**ACTIVITY:** With no addition or omission, return the entries below.

-- RECORDS TO PROCESS follows --

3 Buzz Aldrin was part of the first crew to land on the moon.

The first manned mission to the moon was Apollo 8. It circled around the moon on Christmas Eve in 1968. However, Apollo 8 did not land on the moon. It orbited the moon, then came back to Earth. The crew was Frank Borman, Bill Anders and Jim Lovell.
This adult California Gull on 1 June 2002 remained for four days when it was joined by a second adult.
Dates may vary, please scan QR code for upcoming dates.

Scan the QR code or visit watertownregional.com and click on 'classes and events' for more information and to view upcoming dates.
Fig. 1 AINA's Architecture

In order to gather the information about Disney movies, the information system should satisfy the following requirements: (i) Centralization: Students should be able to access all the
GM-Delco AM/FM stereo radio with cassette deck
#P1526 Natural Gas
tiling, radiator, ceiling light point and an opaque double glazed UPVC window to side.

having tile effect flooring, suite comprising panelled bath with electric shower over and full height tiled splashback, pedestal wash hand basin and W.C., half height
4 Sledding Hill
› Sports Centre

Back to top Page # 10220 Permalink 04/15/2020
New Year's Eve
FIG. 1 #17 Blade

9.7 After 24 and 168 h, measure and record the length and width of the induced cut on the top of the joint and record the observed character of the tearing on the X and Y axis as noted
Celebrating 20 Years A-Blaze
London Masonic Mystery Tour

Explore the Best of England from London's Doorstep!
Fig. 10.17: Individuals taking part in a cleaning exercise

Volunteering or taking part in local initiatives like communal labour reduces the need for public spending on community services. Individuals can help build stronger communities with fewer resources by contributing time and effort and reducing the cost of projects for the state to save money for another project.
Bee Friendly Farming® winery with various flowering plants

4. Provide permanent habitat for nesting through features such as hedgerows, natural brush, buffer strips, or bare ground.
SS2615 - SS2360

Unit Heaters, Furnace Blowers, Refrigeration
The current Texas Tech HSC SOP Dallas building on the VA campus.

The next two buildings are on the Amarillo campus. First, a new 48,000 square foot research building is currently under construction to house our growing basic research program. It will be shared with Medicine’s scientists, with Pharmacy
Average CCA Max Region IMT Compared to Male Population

-- RECORDS TO PROCESS concluded --

**ANSWER SECTION:**
3 Buzz Aldrin was part of the first crew to land on the moon.

The first manned mission to the moon was Apollo 8. It circled around the moon on Christmas Eve in 1968. However, Apollo 8 did not land on the moon. It orbited the moon, then came back to Earth. The crew was Frank Borman, Bill Anders and Jim Lovell.
This adult California Gull on 1 June 2002 remained for four days when it was joined by a second adult.
Dates may vary, please scan QR code for upcoming dates.

Scan the QR code or visit watertownregional.com and click on 'classes and events' for more information and to view upcoming dates.
Fig. 1 AINA's Architecture

In order to gather the information about Disney movies, the information system should satisfy the following requirements: (i) Centralization: Students should be able to access all the
GM-Delco AM/FM stereo radio with cassette deck
#P1526 Natural Gas
tiling, radiator, ceiling light point and an opaque double glazed UPVC window to side.

having tile effect flooring, suite comprising panelled bath with electric shower over and full height tiled splashback, pedestal wash hand basin and W.C., half height
4 Sledding Hill
› Sports Centre

Back to top Page # 10220 Permalink 04/15/2020
New Year's Eve
FIG. 1 #17 Blade

9.7 After 24 and 168 h, measure and record the length and width of the induced cut on the top of the joint and record the observed character of the tearing on the X and Y axis as noted
Celebrating 20 Years A-Blaze
London Masonic Mystery Tour

Explore the Best of England from London's Doorstep!
Fig. 10.17: Individuals taking part in a cleaning exercise

Volunteering or taking part in local initiatives like communal labour reduces the need for public spending on community services. Individuals can help build stronger communities with fewer resources by contributing time and effort and reducing the cost of projects for the state to save money for another project.
Bee Friendly Farming® winery with various flowering plants

4. Provide permanent habitat for nesting through features such as hedgerows, natural brush, buffer strips, or bare ground.
SS2615 - SS2360

Unit Heaters, Furnace Blowers, Refrigeration
The current Texas Tech HSC SOP Dallas building on the VA campus.

The next two buildings are on the Amarillo campus. First, a new 48,000 square foot research building is currently under construction to house our growing basic research program. It will be shared with Medicine’s scientists, with Pharmacy
Average CCA Max Region IMT Compared to Male Population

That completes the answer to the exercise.